BEGIN EXERCISE INPUT

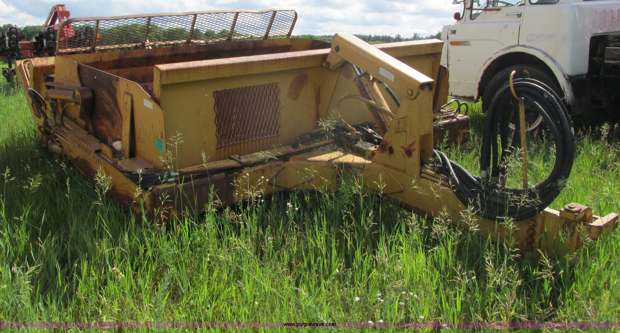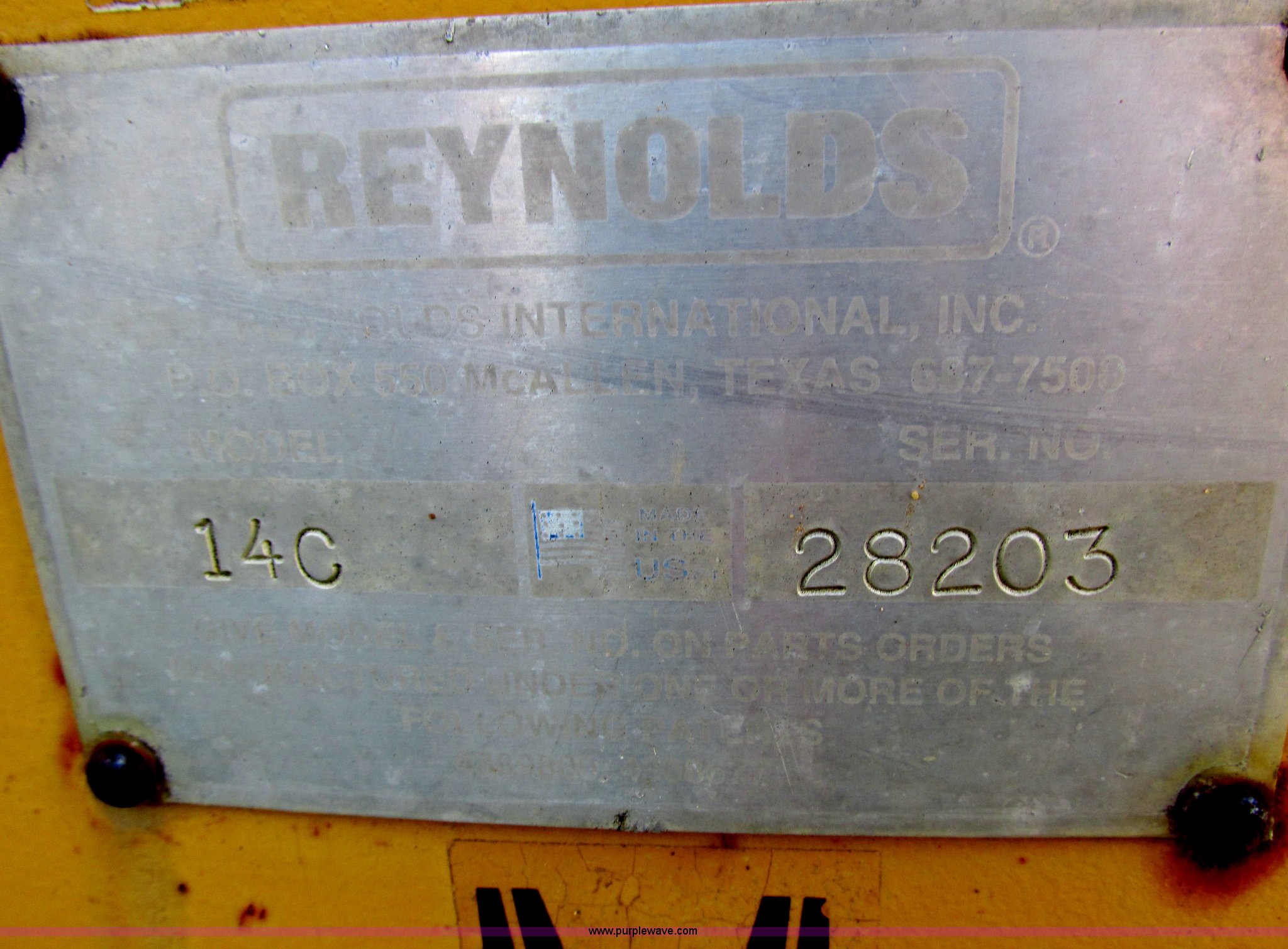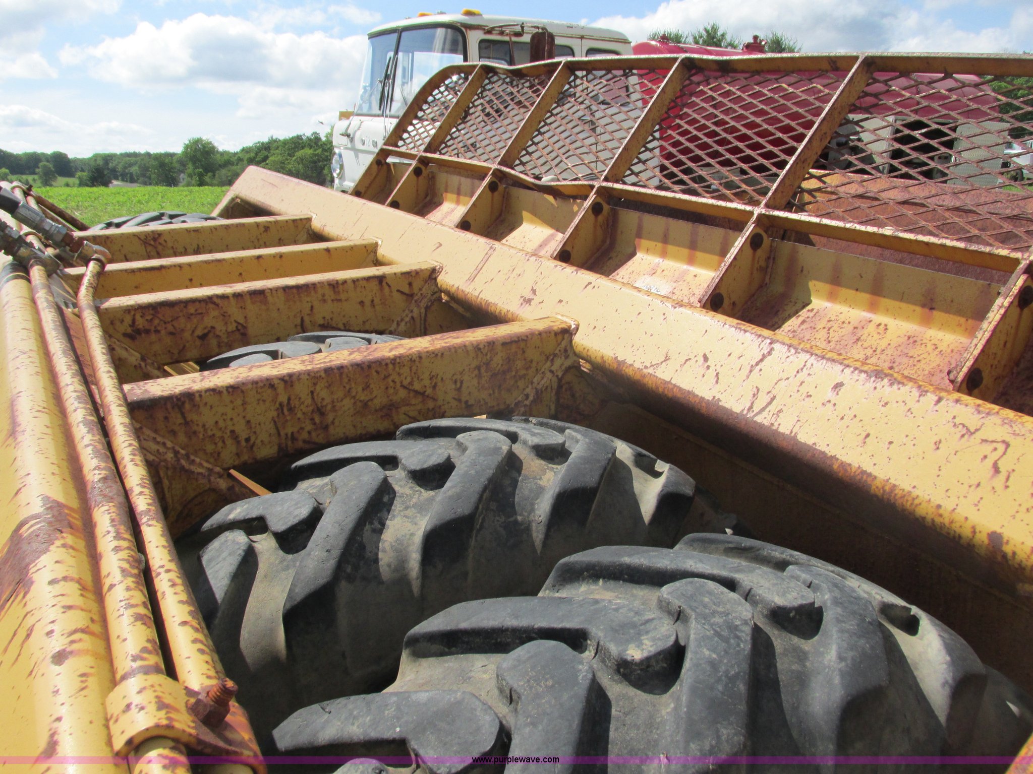Purple Wave is selling a used Pull Type Scraper in Wisconsin. This item is a Reynolds 14C hydraulic pull scraper with the following: 14 cubic yard capacity, Bolt-on cutting edge, Plumbed to pull in tandem, Rear hitch, (6) 13.00-24TG tires, Serial 28203
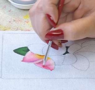 13. Com pouca tinta Amarelo Ouro na pontinha do pincel, pincele a base da pétala.
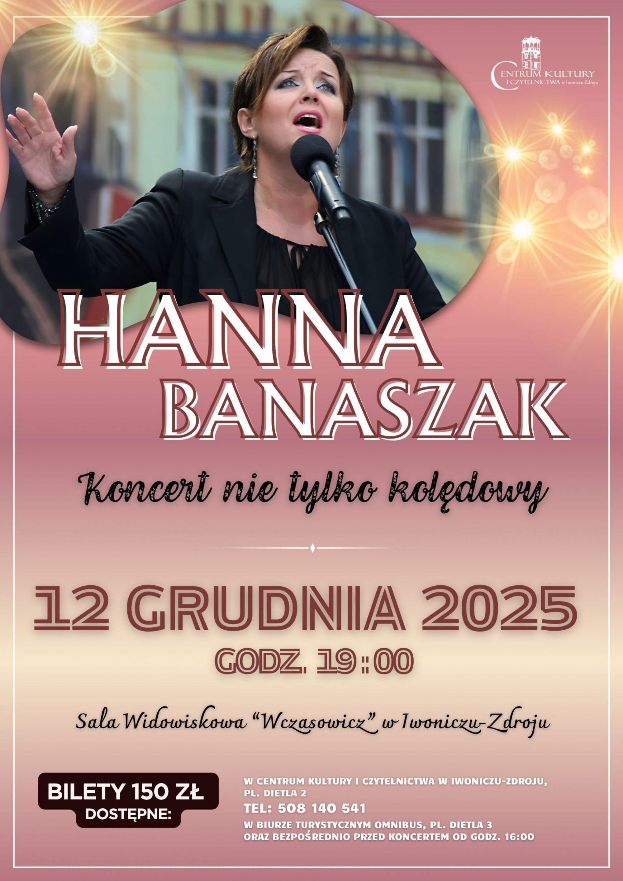 Centrum Kultury i Czytelnictwa w Iwoniczu-Zdroju zaprasza na "Koncert nie tylko kolędowy", który odbędzie się 12 grudnia (piątek) o godz. 19:00 w Sali Widowiskowej Wczasowicz w Iwoniczu-Zdroju. Na scenie jedna z najwybitniejszych polskich wokalistek jazzowych i estradowych - Hanna Banaszak.
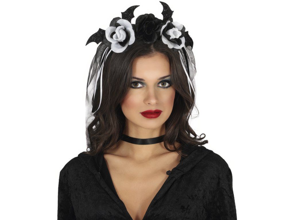 Twój karnawałowy czy halloweenowy kostium może być wiarygodniejszy dzięki różnym dodatkom jak na przykład ta korona z czarno-białymi kwiatami. Niech Twój kostium na imprezie czy karnawale nie zginie w tłumie.
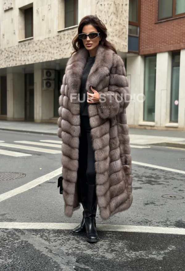 Мех данной шубы лесная куница, цвет натуральный. Предлагается в размерах от 42 до 50. Длина модели 125-130 см, что выгодно подчеркивает фигуру девушек. Эта модель идеально подойдет для девушек и женщин, предпочитающих роскошные натуральные меха.
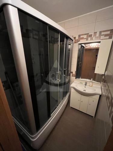 kúpeľňa s vaňou a sprchovým kútom s masážnou funkciou
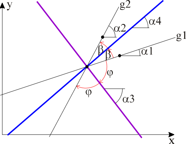 Eine Gerade ist durch zwei nicht identische Punkte P1 und P2 eindeutig bestimmt. Da jedoch Geraden in meinem Programm in einer Punkt-Winkel-Form verwaltet werden, ist die Berechnung des Richtungswinkels der Gerade nötig.
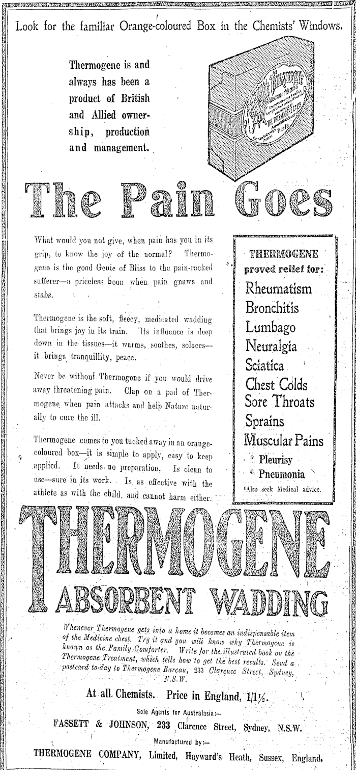 i i . \ \ Look for the familiar Orange-coloured Box in the Chemists , Windows. \ { Thermogene is and . '' I always has been a jfCl ' -•'■" I I product of British " ■ ; ' " I -«« mKtSm ::^\ I ship, production ■ J and management. - ;'■' r What would you not give, when pain has you in its S j grip, to know the joy of the normal? Thermo- THERMOGENE ' geno is the good Gcuie of Bliss to the pain-racked ' proved relief jfor: \\ sufferer—a priceless boon when pain sniaws and . , ■-, ij stQbg t . Rheumatism i . ' Bronchitis I Thermogene is the soft, fleecy, medicated wadding T , ' •; J that brings joy in its train. 'Its influence is deep ; \LUIIIDagOJ down in the tissues—it Avarins, soothes, solaces— - ' \ it brings tranquillity, peace. N t , I ■ ' ; baatica. ' "■"■ 'i Never be withouf, Thermogene if you would drive ni , p Sij j away threatening pain. Clap on a pad of Ther- V «^ J mogene when pain attacks and help Nature nutur- b'OfC 1 lit O3,tS I ally to cure the ill. . ... • SofiiinS J Tkermogeae comes to you tucked away in an orange- MtJSCukr PaillS j % coloured box-it is; simple to apply, easy to keep ' .' *' ■ J applied. It needs.no preparation. J s clean to •, . * p neu *«{,, \ I we-eure-k^ts -work. . Is. as effective with tk i nfliiofo n<: Tt-U?, fu n n n, , ' *Als6 .seek Medical advice. j atnlete as with the chfld.- and cannot harm either. \- :_..;.;.:. ;.,„._.:„.._„... l ll ™™V imi °O™ gets. into a heme it becomes an indispensable item of the Medmne chest. Try it and you will how why Thcr m o,,cne « Mown as the^lamdy.Comforter. Write for the illustrated bool ov the Thermogene.Treatment, -wMchtelh how to get the hcsl remits. Scud a . .postcardto-day to Thermogeneßureau, 233 Clarence Street Svdnev ■:.'■■ -■'■■ ■■■.'■ : :":. ; : ' ■' N - S - W - ' At all Chemists. Price in England, ( . •..•■•''■.. Sole Agents for Australasia:- > FASSETT & JOHNSON, 233. Clarence Street, Sydney, N.S.W. ; ' Manufactured by:— THERMOGENE COMPANY, Limited, Hayward's Heath, Sussex, England.
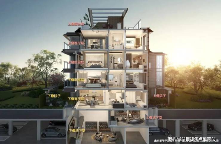 据了解,项目上下叠私梯入户,客厅层层高3.3米,卧室层层高3.15米,地下室储藏空间设置采光天窗,上叠设置屋顶露台,整体品质非常高。
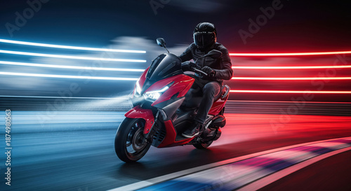 advertisement, asian, indian, model, motorcycle, scooter, rider, night, speed, urban, road, neon, light, red, blue, dynamic, motion, blur, fast, street, racing, transport, vehicle, helmet, jacket, journey, travel, modern, futuristic, abstract, glow, exciting, cool, stylish, asphalt, movement, action, energy, power, freedom, adventure, sport, thrill, powerful, city, dark, highway, turn
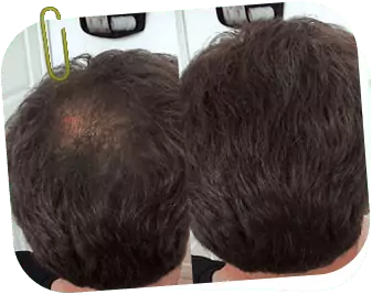 Dopo 2 settimane ho visto i risultati! Prima dell’applicazione ho esaminato attentamente la zona di diradamento e il cuoio capelluto... al 7°-8° giorno ho iniziato a notare piccoli capelli scuri... da lontano non si vedevano, ma ho riconosciuto chiaramente che stava crescendo nuovo capello! Chi avrebbe mai creduto che fosse falso il detto che la perdita dei capelli è irreversibile? Non ho riscontrato effetti negativi.

END EXERCISE INPUT

# [TASK ITEM]
Although the records above contain pictures, output every line exactly and leave the pictures out.

# [RESPONSE AREA]
Purple Wave is selling a used Pull Type Scraper in Wisconsin. This item is a Reynolds 14C hydraulic pull scraper with the following: 14 cubic yard capacity, Bolt-on cutting edge, Plumbed to pull in tandem, Rear hitch, (6) 13.00-24TG tires, Serial 28203
 13. Com pouca tinta Amarelo Ouro na pontinha do pincel, pincele a base da pétala.
 Centrum Kultury i Czytelnictwa w Iwoniczu-Zdroju zaprasza na "Koncert nie tylko kolędowy", który odbędzie się 12 grudnia (piątek) o godz. 19:00 w Sali Widowiskowej Wczasowicz w Iwoniczu-Zdroju. Na scenie jedna z najwybitniejszych polskich wokalistek jazzowych i estradowych - Hanna Banaszak.
 Twój karnawałowy czy halloweenowy kostium może być wiarygodniejszy dzięki różnym dodatkom jak na przykład ta korona z czarno-białymi kwiatami. Niech Twój kostium na imprezie czy karnawale nie zginie w tłumie.
 Мех данной шубы лесная куница, цвет натуральный. Предлагается в размерах от 42 до 50. Длина модели 125-130 см, что выгодно подчеркивает фигуру девушек. Эта модель идеально подойдет для девушек и женщин, предпочитающих роскошные натуральные меха.
 kúpeľňa s vaňou a sprchovým kútom s masážnou funkciou
 Eine Gerade ist durch zwei nicht identische Punkte P1 und P2 eindeutig bestimmt. Da jedoch Geraden in meinem Programm in einer Punkt-Winkel-Form verwaltet werden, ist die Berechnung des Richtungswinkels der Gerade nötig.
 i i . \ \ Look for the familiar Orange-coloured Box in the Chemists , Windows. \ { Thermogene is and . '' I always has been a jfCl ' -•'■" I I product of British " ■ ; ' " I -«« mKtSm ::^\ I ship, production ■ J and management. - ;'■' r What would you not give, when pain has you in its S j grip, to know the joy of the normal? Thermo- THERMOGENE ' geno is the good Gcuie of Bliss to the pain-racked ' proved relief jfor: \\ sufferer—a priceless boon when pain sniaws and . , ■-, ij stQbg t . Rheumatism i . ' Bronchitis I Thermogene is the soft, fleecy, medicated wadding T , ' •; J that brings joy in its train. 'Its influence is deep ; \LUIIIDagOJ down in the tissues—it Avarins, soothes, solaces— - ' \ it brings tranquillity, peace. N t , I ■ ' ; baatica. ' "■"■ 'i Never be withouf, Thermogene if you would drive ni , p Sij j away threatening pain. Clap on a pad of Ther- V «^ J mogene when pain attacks and help Nature nutur- b'OfC 1 lit O3,tS I ally to cure the ill. . ... • SofiiinS J Tkermogeae comes to you tucked away in an orange- MtJSCukr PaillS j % coloured box-it is; simple to apply, easy to keep ' .' *' ■ J applied. It needs.no preparation. J s clean to •, . * p neu *«{,, \ I we-eure-k^ts -work. . Is. as effective with tk i nfliiofo n<: Tt-U?, fu n n n, , ' *Als6 .seek Medical advice. j atnlete as with the chfld.- and cannot harm either. \- :_..;.;.:. ;.,„._.:„.._„... l ll ™™V imi °O™ gets. into a heme it becomes an indispensable item of the Medmne chest. Try it and you will how why Thcr m o,,cne « Mown as the^lamdy.Comforter. Write for the illustrated bool ov the Thermogene.Treatment, -wMchtelh how to get the hcsl remits. Scud a . .postcardto-day to Thermogeneßureau, 233 Clarence Street Svdnev ■:.'■■ -■'■■ ■■■.'■ : :":. ; : ' ■' N - S - W - ' At all Chemists. Price in England, ( . •..•■•''■.. Sole Agents for Australasia:- > FASSETT & JOHNSON, 233. Clarence Street, Sydney, N.S.W. ; ' Manufactured by:— THERMOGENE COMPANY, Limited, Hayward's Heath, Sussex, England.
 据了解,项目上下叠私梯入户,客厅层层高3.3米,卧室层层高3.15米,地下室储藏空间设置采光天窗,上叠设置屋顶露台,整体品质非常高。
 advertisement, asian, indian, model, motorcycle, scooter, rider, night, speed, urban, road, neon, light, red, blue, dynamic, motion, blur, fast, street, racing, transport, vehicle, helmet, jacket, journey, travel, modern, futuristic, abstract, glow, exciting, cool, stylish, asphalt, movement, action, energy, power, freedom, adventure, sport, thrill, powerful, city, dark, highway, turn
 Dopo 2 settimane ho visto i risultati! Prima dell’applicazione ho esaminato attentamente la zona di diradamento e il cuoio capelluto... al 7°-8° giorno ho iniziato a notare piccoli capelli scuri... da lontano non si vedevano, ma ho riconosciuto chiaramente che stava crescendo nuovo capello! Chi avrebbe mai creduto che fosse falso il detto che la perdita dei capelli è irreversibile? Non ho riscontrato effetti negativi.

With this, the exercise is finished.